● **EXERCISE DETAILS**
Return the listing below exactly, with the pictures dropped.

● **DATA EXCERPTS**

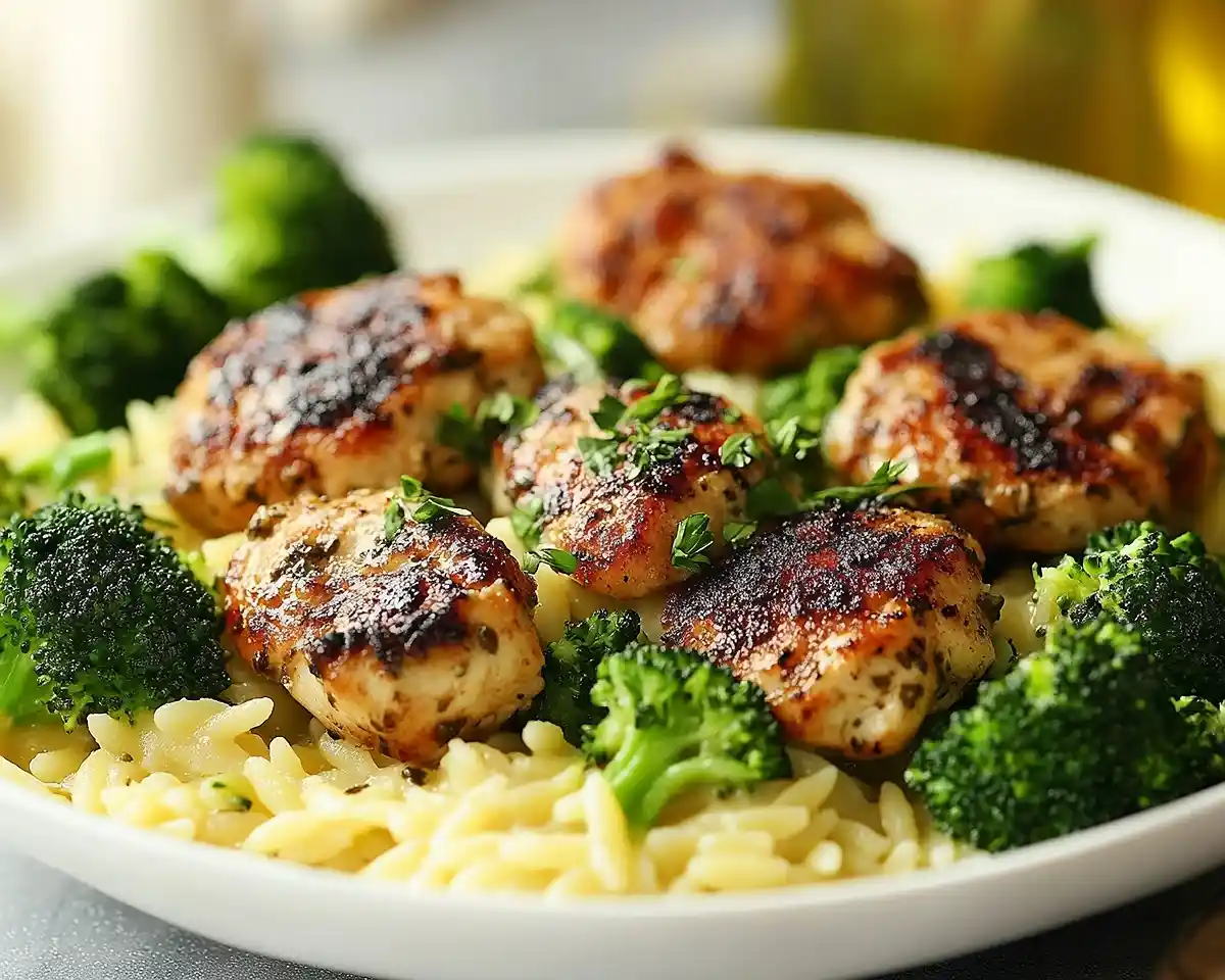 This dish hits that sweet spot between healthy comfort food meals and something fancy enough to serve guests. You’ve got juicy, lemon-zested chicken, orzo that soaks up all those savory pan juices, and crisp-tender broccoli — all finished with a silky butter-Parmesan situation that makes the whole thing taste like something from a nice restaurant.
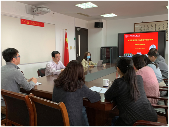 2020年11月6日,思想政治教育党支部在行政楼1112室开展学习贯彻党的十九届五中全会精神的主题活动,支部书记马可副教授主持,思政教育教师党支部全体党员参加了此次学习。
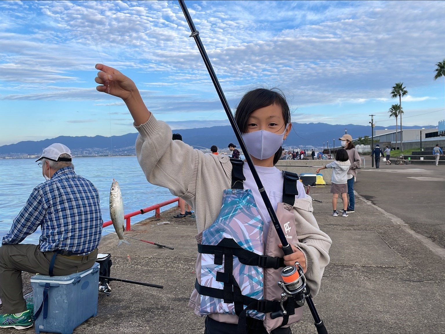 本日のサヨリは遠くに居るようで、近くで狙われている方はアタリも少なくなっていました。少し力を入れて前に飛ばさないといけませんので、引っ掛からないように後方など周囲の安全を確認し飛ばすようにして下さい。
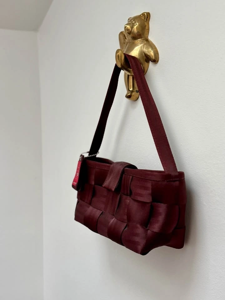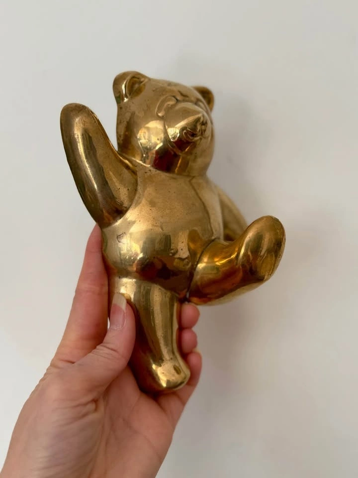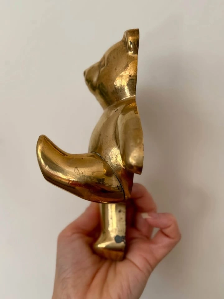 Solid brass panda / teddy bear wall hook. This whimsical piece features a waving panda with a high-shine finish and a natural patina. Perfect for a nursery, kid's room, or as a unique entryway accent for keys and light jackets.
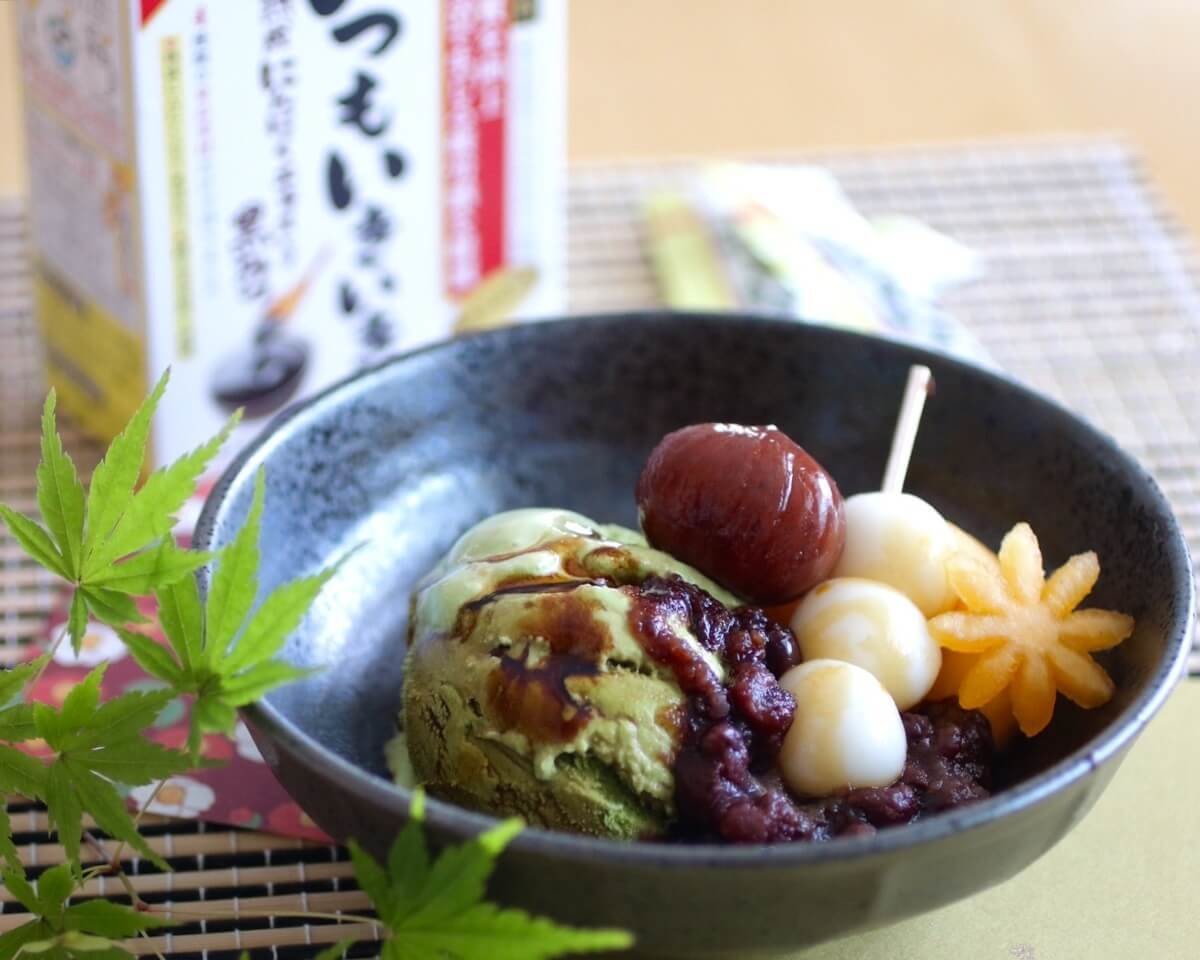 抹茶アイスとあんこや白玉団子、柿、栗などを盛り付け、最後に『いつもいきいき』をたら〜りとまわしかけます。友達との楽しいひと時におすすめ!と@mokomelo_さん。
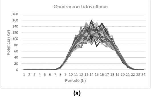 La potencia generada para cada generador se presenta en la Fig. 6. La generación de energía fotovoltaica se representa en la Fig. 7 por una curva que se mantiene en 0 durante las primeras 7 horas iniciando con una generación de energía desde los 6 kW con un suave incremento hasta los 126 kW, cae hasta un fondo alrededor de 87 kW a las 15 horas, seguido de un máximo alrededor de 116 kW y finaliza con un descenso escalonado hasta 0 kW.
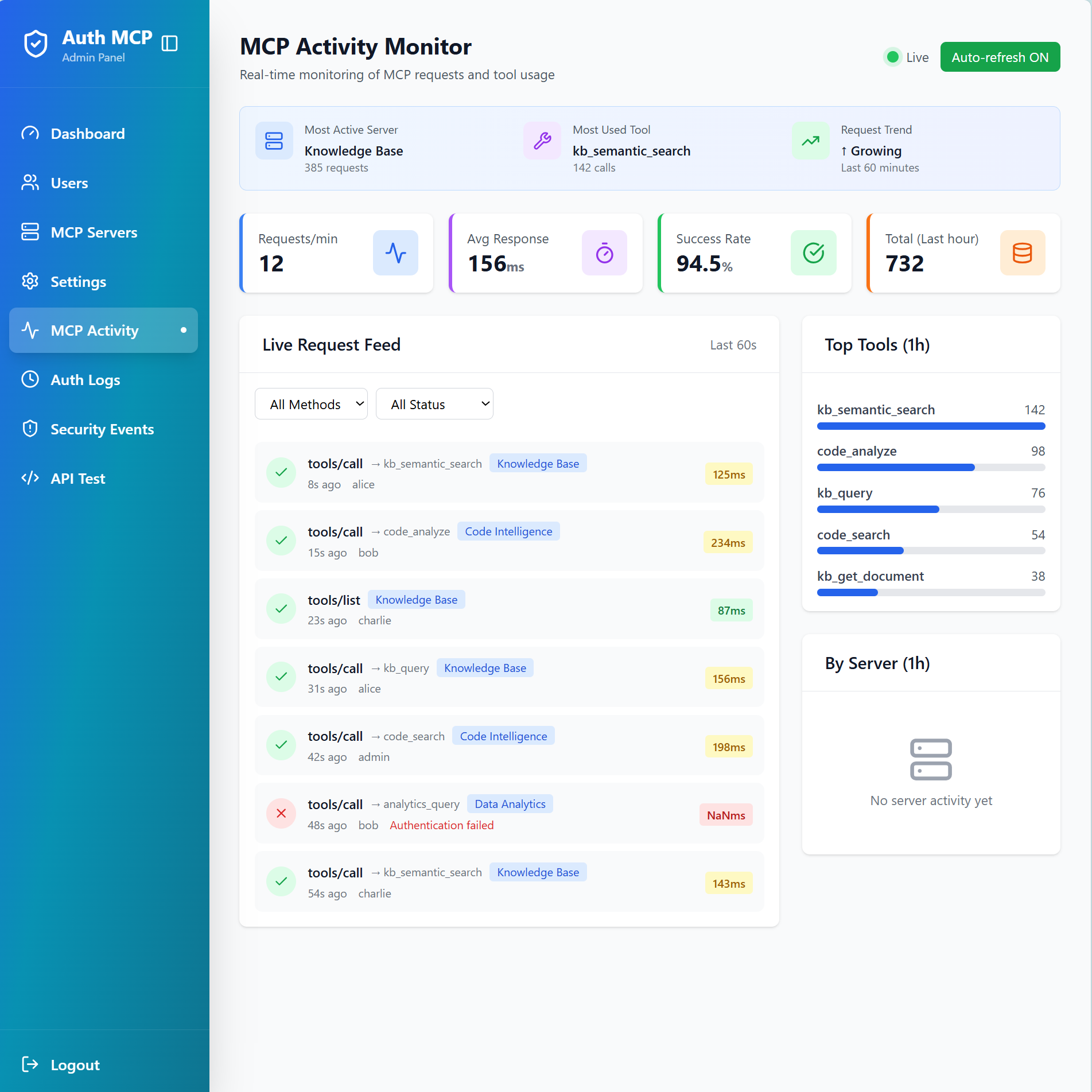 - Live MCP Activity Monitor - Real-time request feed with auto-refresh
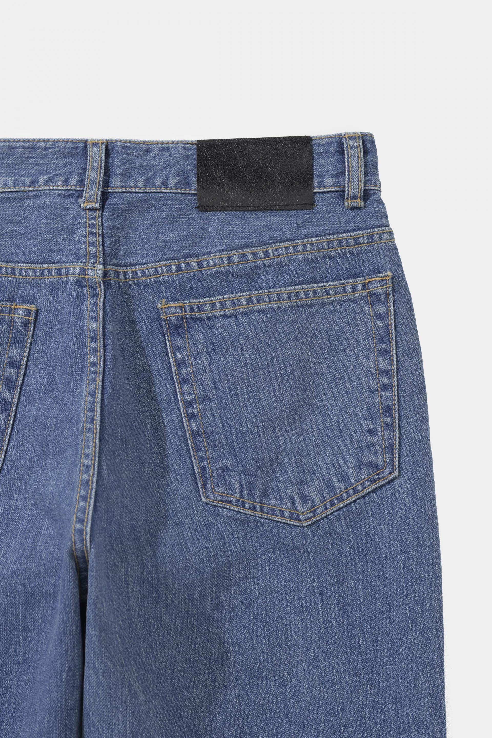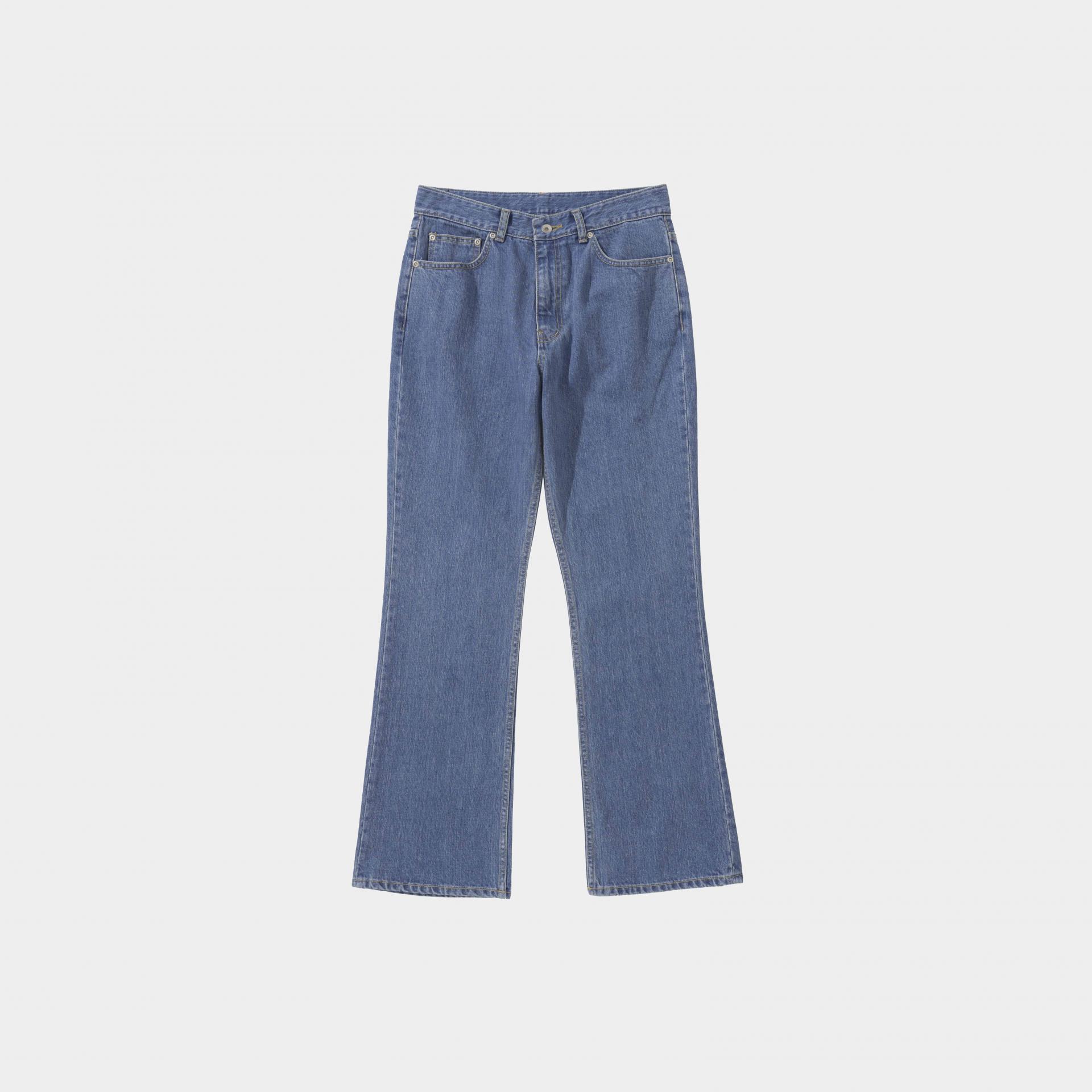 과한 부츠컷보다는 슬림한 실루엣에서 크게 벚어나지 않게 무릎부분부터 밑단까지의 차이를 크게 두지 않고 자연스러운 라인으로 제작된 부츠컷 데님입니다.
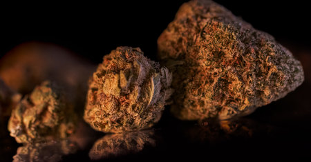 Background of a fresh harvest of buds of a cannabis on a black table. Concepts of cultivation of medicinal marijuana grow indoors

● **TASK RESPONSE**
 This dish hits that sweet spot between healthy comfort food meals and something fancy enough to serve guests. You’ve got juicy, lemon-zested chicken, orzo that soaks up all those savory pan juices, and crisp-tender broccoli — all finished with a silky butter-Parmesan situation that makes the whole thing taste like something from a nice restaurant.
 2020年11月6日,思想政治教育党支部在行政楼1112室开展学习贯彻党的十九届五中全会精神的主题活动,支部书记马可副教授主持,思政教育教师党支部全体党员参加了此次学习。
 本日のサヨリは遠くに居るようで、近くで狙われている方はアタリも少なくなっていました。少し力を入れて前に飛ばさないといけませんので、引っ掛からないように後方など周囲の安全を確認し飛ばすようにして下さい。
 Solid brass panda / teddy bear wall hook. This whimsical piece features a waving panda with a high-shine finish and a natural patina. Perfect for a nursery, kid's room, or as a unique entryway accent for keys and light jackets.
 抹茶アイスとあんこや白玉団子、柿、栗などを盛り付け、最後に『いつもいきいき』をたら〜りとまわしかけます。友達との楽しいひと時におすすめ!と@mokomelo_さん。
 La potencia generada para cada generador se presenta en la Fig. 6. La generación de energía fotovoltaica se representa en la Fig. 7 por una curva que se mantiene en 0 durante las primeras 7 horas iniciando con una generación de energía desde los 6 kW con un suave incremento hasta los 126 kW, cae hasta un fondo alrededor de 87 kW a las 15 horas, seguido de un máximo alrededor de 116 kW y finaliza con un descenso escalonado hasta 0 kW.
 - Live MCP Activity Monitor - Real-time request feed with auto-refresh
 과한 부츠컷보다는 슬림한 실루엣에서 크게 벚어나지 않게 무릎부분부터 밑단까지의 차이를 크게 두지 않고 자연스러운 라인으로 제작된 부츠컷 데님입니다.
 Background of a fresh harvest of buds of a cannabis on a black table. Concepts of cultivation of medicinal marijuana grow indoors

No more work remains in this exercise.